YTY Industry (Manjung) Sdn Bhd

Status

Completed

Conditions

Skin Sensitisation

Treatments

Device: NON-STERILE, POWDER FREE NITRILE EXAMINATION GLOVES, LOW DERMATITIS POTENTIAL, TESTED FOR USE WITH CHEMOTHERAPY DRUGS - BLUE

Study type

Interventional

Funder types

Industry

Identifiers

NCT04274647
PR-MDT-02-17-19

Details and patient eligibility

About

Skin Sensitization Test (Modified Draize-95) to Support a Low Dermatitis Potential Claim for a Blue Non Sterile Powder Free Nitrile Examination Gloves.
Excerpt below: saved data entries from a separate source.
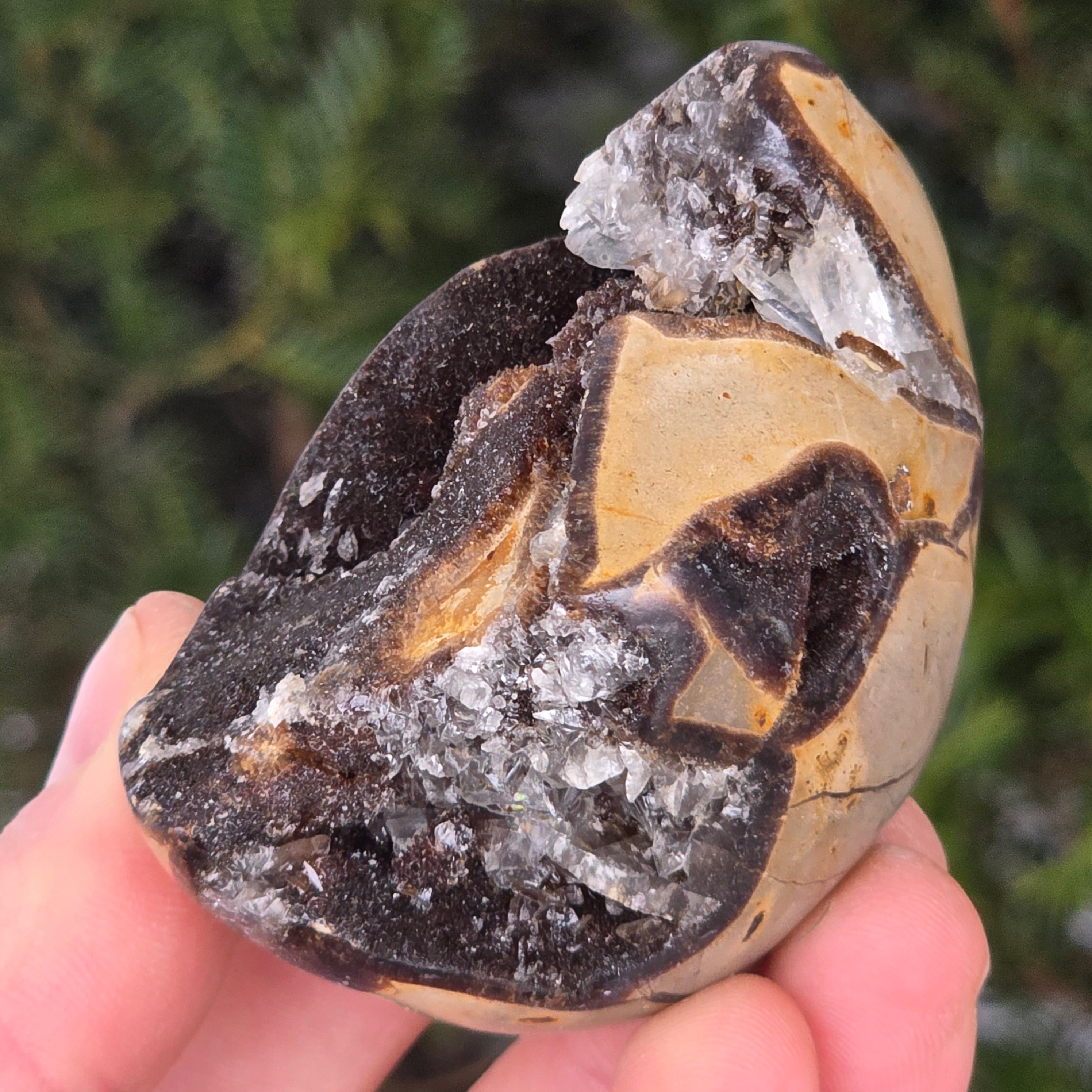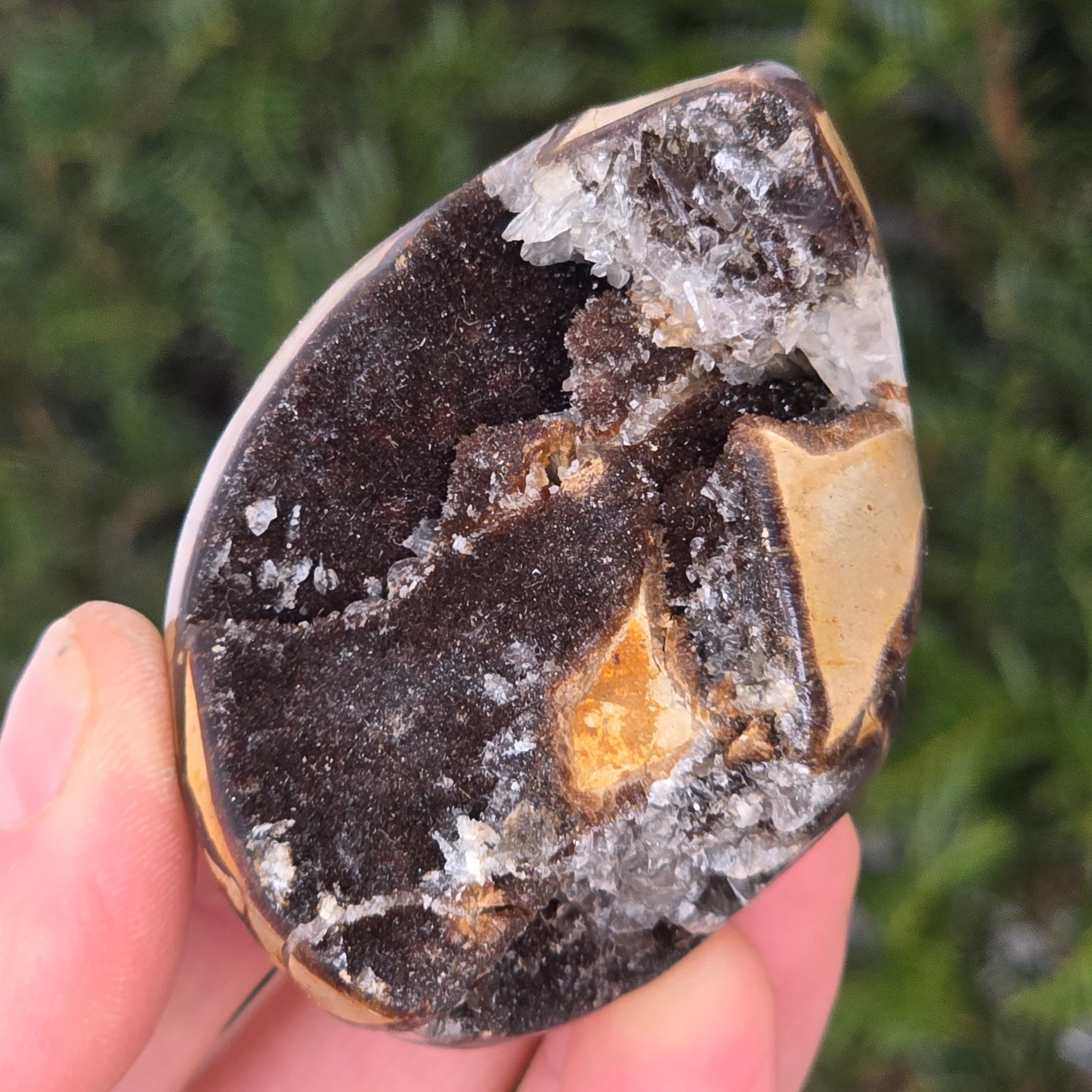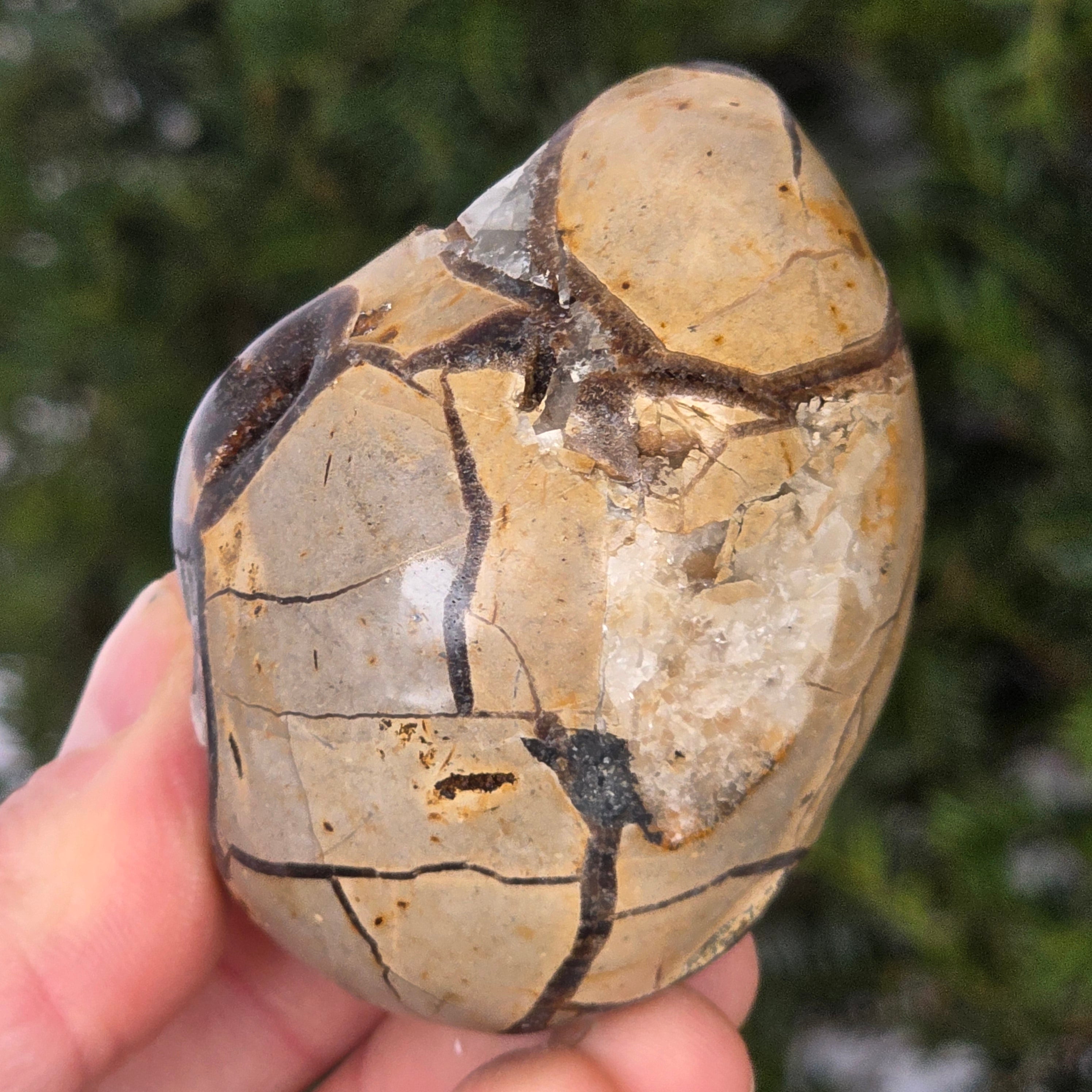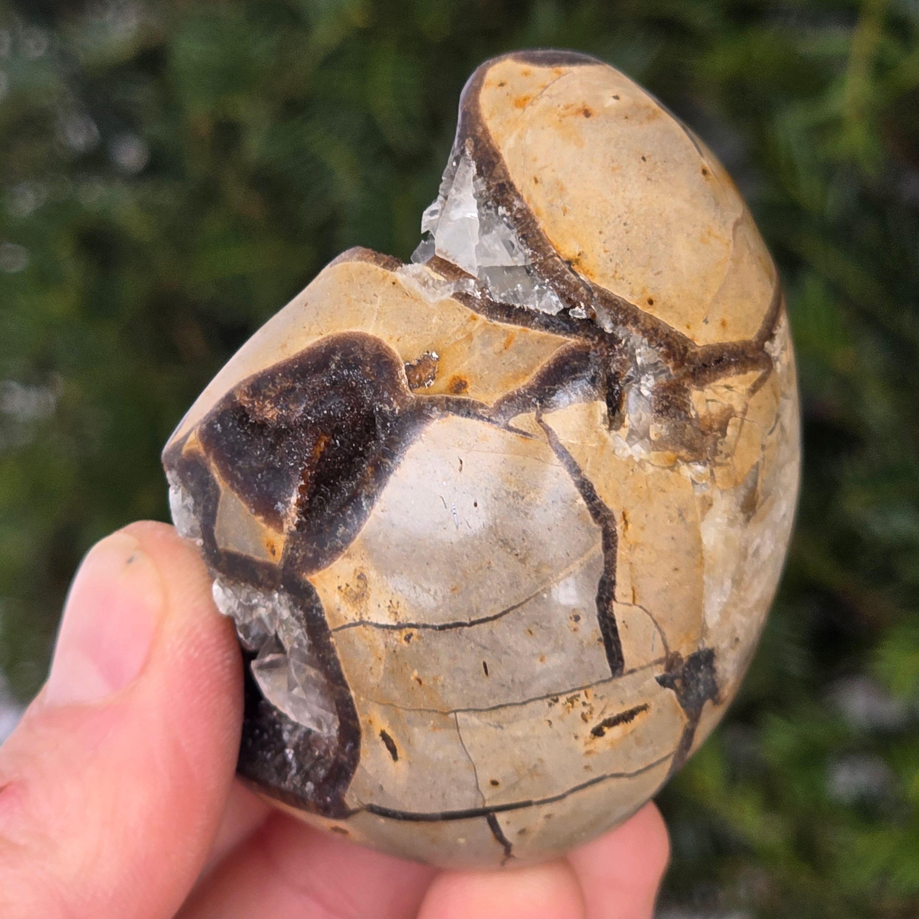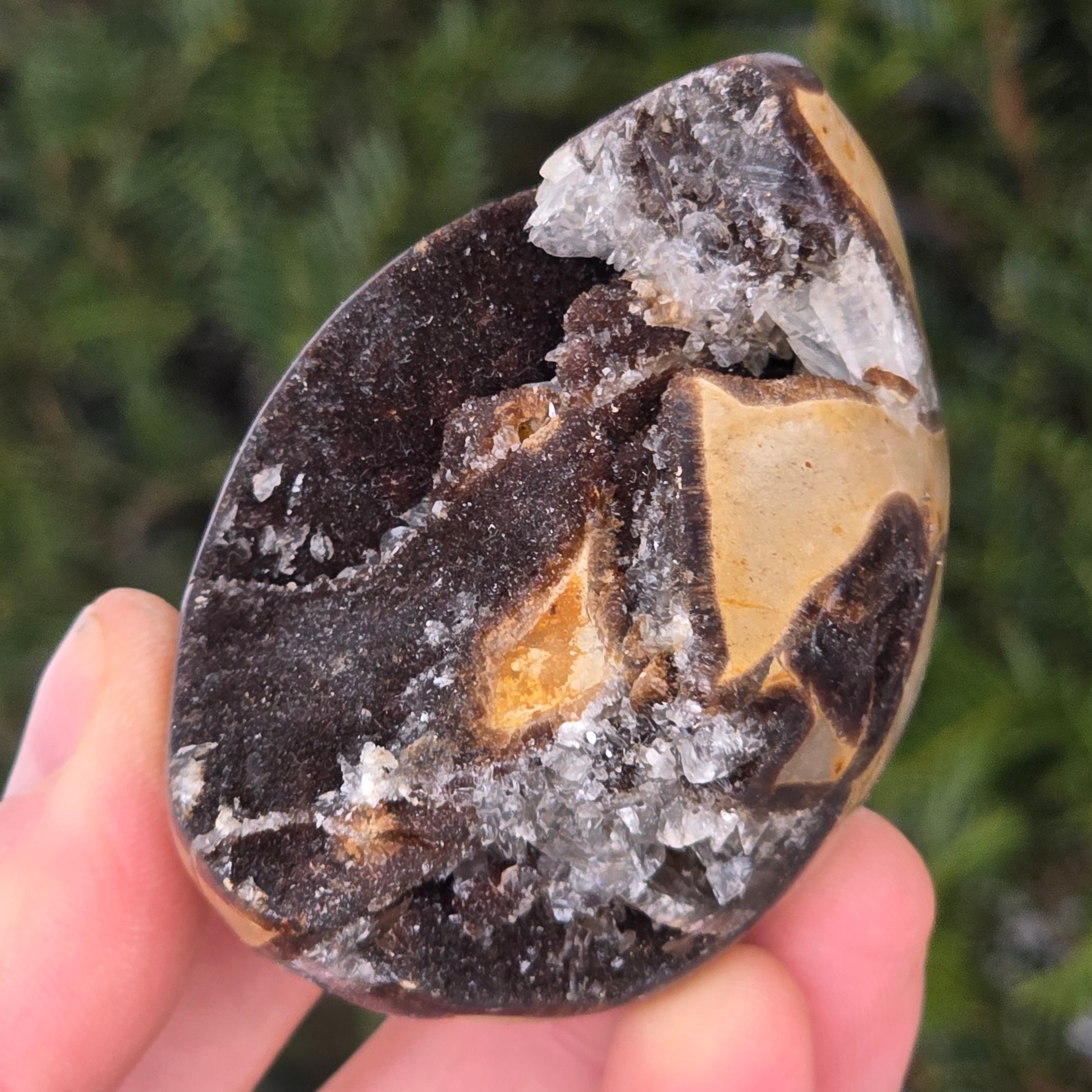 Septaria składa się z kalcytu, limonitu, gipsu i barytyny, minerałów, które tworzą unikalną grę w tym kamieniu i nadają mu wyjątkowy wygląd.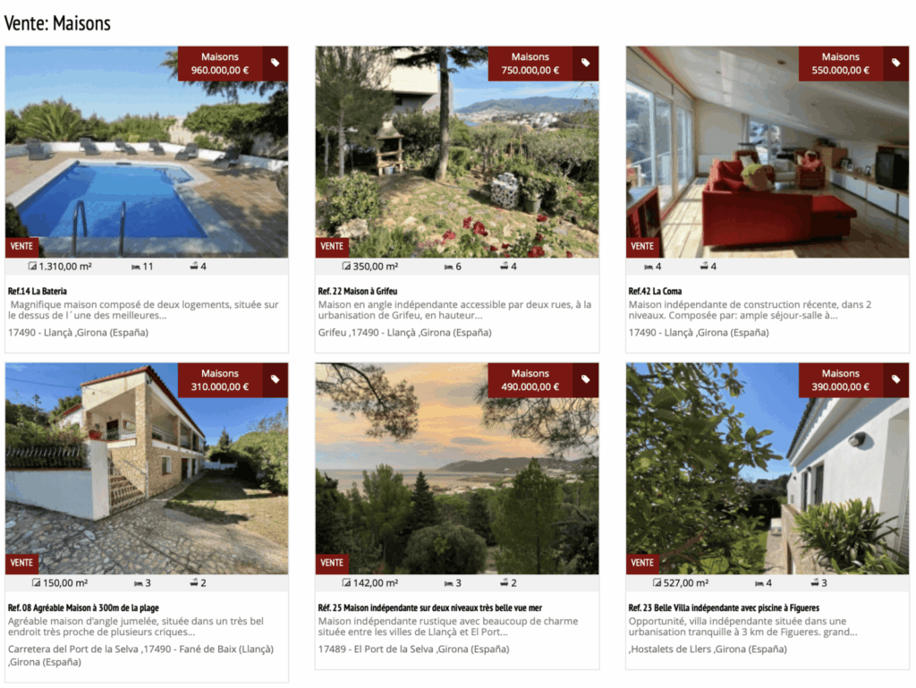 Spécialisée dans la vente de biens immobiliers, Immo Fane propose une gamme variée de propriétés, allant des appartements aux maisons, terrains, garages, locaux commerciaux, maisons anciennes, commerces, et bien d’autres. Son domaine d’activité s’étend à la Costa Brava Ampordanesa et aux villages environnants tels que Llançà, El Port de la Selva, Colera, Empuriabrava, Figueres, Garriguella, Selva de Mar, Espolla, Sant Climent de Sescebes, Palau-Saverdera, Pau, Roses, Vilajuïga, Vilamaniscle, Vilarnadal, et bien d’autres.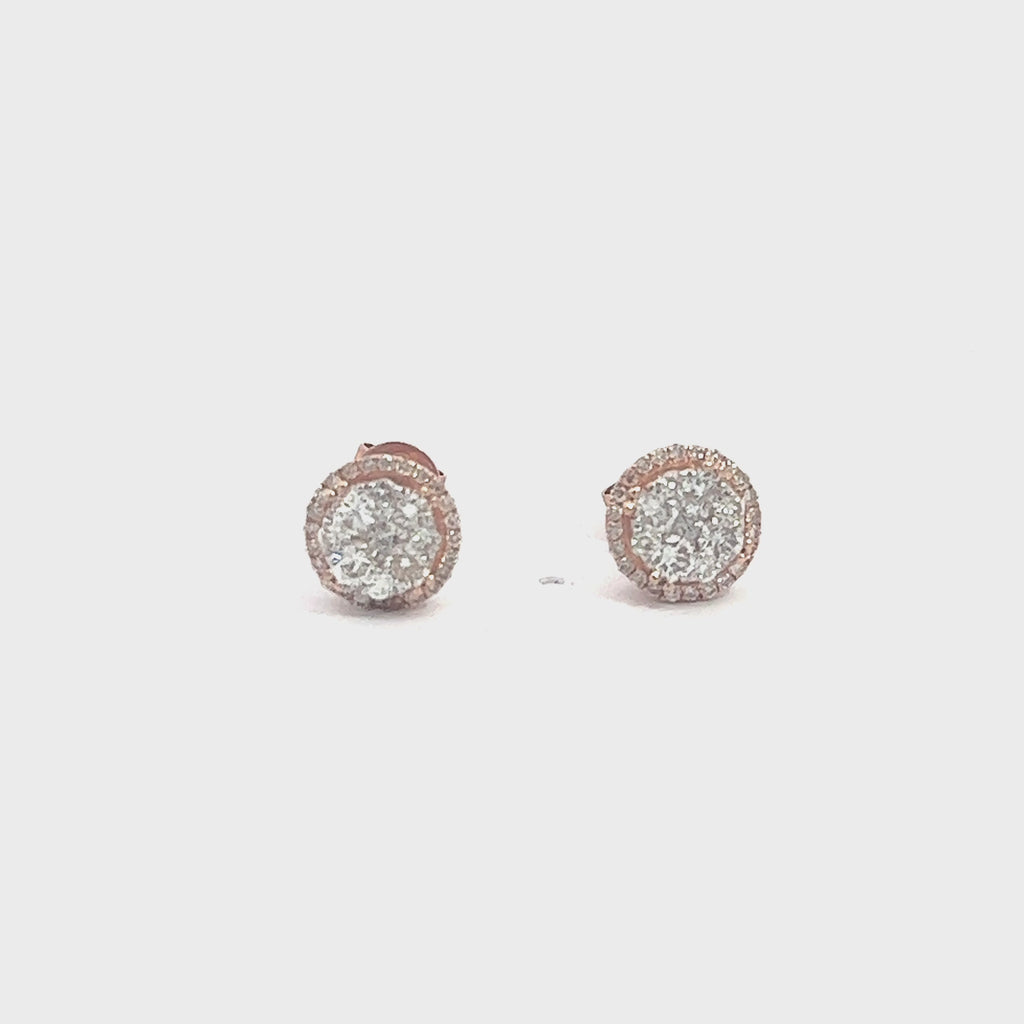 14K GOLD DIAMOND ROUND CLUSTER EARRINGS 1.00 CT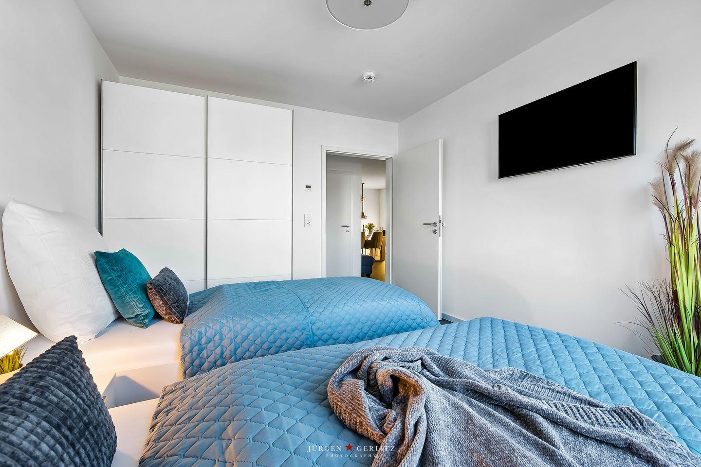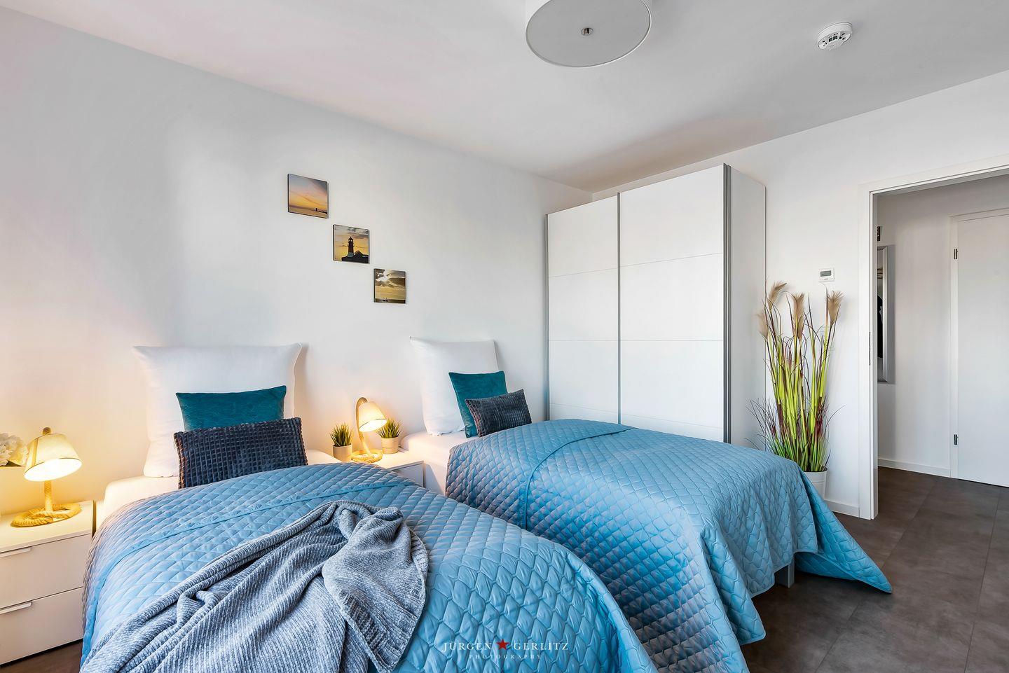 Die beiden Schlafzimmer sind gemütlich eingerichtet. Das eine Zimmer hat ein Doppelbett, das andere 2 Einzelbetten, die zusammengeschoben werden können.

To evaluate whether residual chemical additives at a level that may induce type IV allergy in the unsensitized general user population are present in a finished rubber containing medical device.

Full description

  1. To evaluate whether residual chemical additives at a level that may induce Type IV allergy in the unsensitized general user population are present in a finished rubber containing medical device.
  2. To meet requirements for claim: This product demonstrated reduced potential for sensitizing users to chemical additives as described in Guidance for Industry and FDA Staff - Medical Glove Guidance Manual9. Supporting Test Data: A negative skin sensitization test (Modified Draize-95 Test) on a minimum of 200 non-sensitized human subjects.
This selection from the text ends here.